The three Python packages have zero cross-package imports. They communicate via:

tools/ is published as a wheel (agentic-tools) — the runtime and eval packages consume it like any other library.
The runtime exposes agentic-v2-eval through its REST API (POST /runs/:id/evaluation, GET /runs/:id/evaluation) — the eval framework does not import runtime internals.

2. Per-package deep dives¶

Package	Entry point	Deep dive
Runtime	`agentic-workflows-v2/agentic_v2/`	`architecture-runtime.md`
UI	`agentic-workflows-v2/ui/src/`	`architecture-ui.md`
Evaluation	`agentic-v2-eval/src/agentic_v2_eval/`	`architecture-eval.md`
Shared tools	`tools/`	`architecture-tools.md`
Cross-package integration	—	`integration-architecture.md`

Additional supporting documents:

api-contracts-runtime.md — 16 REST endpoints + WebSocket + SSE schemas.
data-models-runtime.md — 38+ Pydantic v2 models across server, contracts, core.
component-inventory-ui.md — 17 UI components across 6 categories.
source-tree-analysis.md — full annotated directory tree.
development-guide.md — dev environments, CLI, tests.
deployment-guide.md — CI/CD, environment variables, production checklist.

3. The five load-bearing mechanisms¶

These are the places where a change ripples across the system.
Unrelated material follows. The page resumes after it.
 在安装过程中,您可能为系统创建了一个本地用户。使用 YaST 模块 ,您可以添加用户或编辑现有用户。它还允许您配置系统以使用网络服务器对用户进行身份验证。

Understand these before proposing architectural work.

3.1 Adapter registry¶

AdapterRegistry is a process-wide singleton in agentic_v2/adapters/registry.py. Engines register with a name (native, langchain), the CLI resolves --adapter <name> at runtime, and tests reset the singleton via an autouse fixture to prevent cross-test leakage.
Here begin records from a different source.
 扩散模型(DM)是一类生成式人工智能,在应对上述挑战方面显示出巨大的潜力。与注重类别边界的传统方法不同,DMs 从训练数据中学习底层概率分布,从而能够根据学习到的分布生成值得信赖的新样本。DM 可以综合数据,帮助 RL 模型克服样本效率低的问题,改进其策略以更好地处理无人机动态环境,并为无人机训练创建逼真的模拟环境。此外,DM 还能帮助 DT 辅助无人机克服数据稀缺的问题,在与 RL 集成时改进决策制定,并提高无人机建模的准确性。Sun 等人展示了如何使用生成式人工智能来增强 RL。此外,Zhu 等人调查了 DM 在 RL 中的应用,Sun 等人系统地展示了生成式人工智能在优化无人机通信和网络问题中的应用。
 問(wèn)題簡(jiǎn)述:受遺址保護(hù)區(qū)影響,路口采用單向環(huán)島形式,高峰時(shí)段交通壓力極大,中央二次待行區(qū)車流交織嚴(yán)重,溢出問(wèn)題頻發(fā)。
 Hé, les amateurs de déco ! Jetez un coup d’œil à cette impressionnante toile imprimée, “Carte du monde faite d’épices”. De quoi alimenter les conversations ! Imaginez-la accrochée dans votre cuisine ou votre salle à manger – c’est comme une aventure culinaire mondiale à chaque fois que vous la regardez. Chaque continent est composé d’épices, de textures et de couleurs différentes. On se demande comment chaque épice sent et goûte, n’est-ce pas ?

Why it exists: ADR-001 — dual execution engine.
Current default: langchain (configurable per run).
Direction of travel: ADR-013 — native DAG as the single long-term engine.
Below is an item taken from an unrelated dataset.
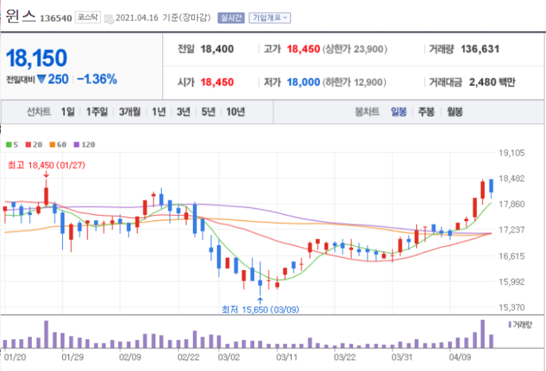 김대용 윈즈 대표가 김부겸 총리와 경북고 동문이어서 수혜주로 불립니다.

3.2 Typed execution-event wire format¶

contracts/events.py defines a Pydantic discriminated union covering workflow_start, step_start, step_end, step_complete, step_error, workflow_end, evaluation_start, evaluation_complete. WebSocket and SSE broadcasts validate before emit. TypeScript interfaces in ui/src/api/types.ts mirror this union by hand — drift is detected by convention, not yet by automation.

Ratifies: ADR-014.
Related: the 500-event replay buffer in server/websocket.py — clients reconnecting mid-run receive missed events.

3.3 SLO gates in git¶

Time-to-first-span p95 and nightly flake rate are stored as rolling windows in git — measurements are appended to JSON artifacts committed on each CI run, and the gate reads the window, not a fresh sample. This keeps the signal stable across single bad runs.

Ratifies: ADR-015.
Known limitation: p95 gate passes trivially when the window is empty — see KNOWN_LIMITATIONS.md.

3.4 SmartModelRouter¶

Maps tier (tier3_analyst) → capability → best available model at runtime. Health-weighted selection, exponential cooldowns, circuit breakers, persisted stats across restarts, Retry-After header awareness.

Ratifies: ADR-002.
Provider default for CI: GitHub Models via GITHUB_TOKEN — see ADR-016.

3.5 RAG pipeline¶

Thirteen modules in agentic_v2/rag/: loader → recursive chunker → embedder (content-hash dedup) → cosine vectorstore + BM25 keyword index → RRF hybrid retriever → token-budget assembler. Full OTEL tracing. Memory backed by MemoryStoreProtocol (InMemoryStore or RAGMemoryStore).

Blueprint: adr/RAG-pipeline-blueprint.md.

4. The decision record¶

ADR	Domain	Status
001	Dual execution engine	Accepted (superseded by 013)
002	SmartModelRouter circuit breakers	Accepted
003	Deep research supervisor	Superseded → 007
007	Multidimensional classification + stop policy	Proposed
008	Test value taxonomy	Accepted
009	Scoring enhancements	Accepted
010	Commit-driven A/B eval harness	Proposed
011	Eval harness API design	Proposed
012	UI evaluation hub	Proposed
013	Native DAG as single engine	Accepted
014	Pydantic wire format for execution events	Accepted
015	SLO rolling window in git	Accepted
016	GitHub Models as default E2E provider	Accepted

ADRs 004–006 are intentionally unused — the gap is documented in adr/ADR-INDEX.md and should not be reclaimed.

5. What this document is not¶

Not a replacement for per-package docs — it is a map.
Not a roadmap — see ROADMAP.md.
Not a limitations list — see KNOWN_LIMITATIONS.md.
Not a migration guide — see MIGRATIONS.md.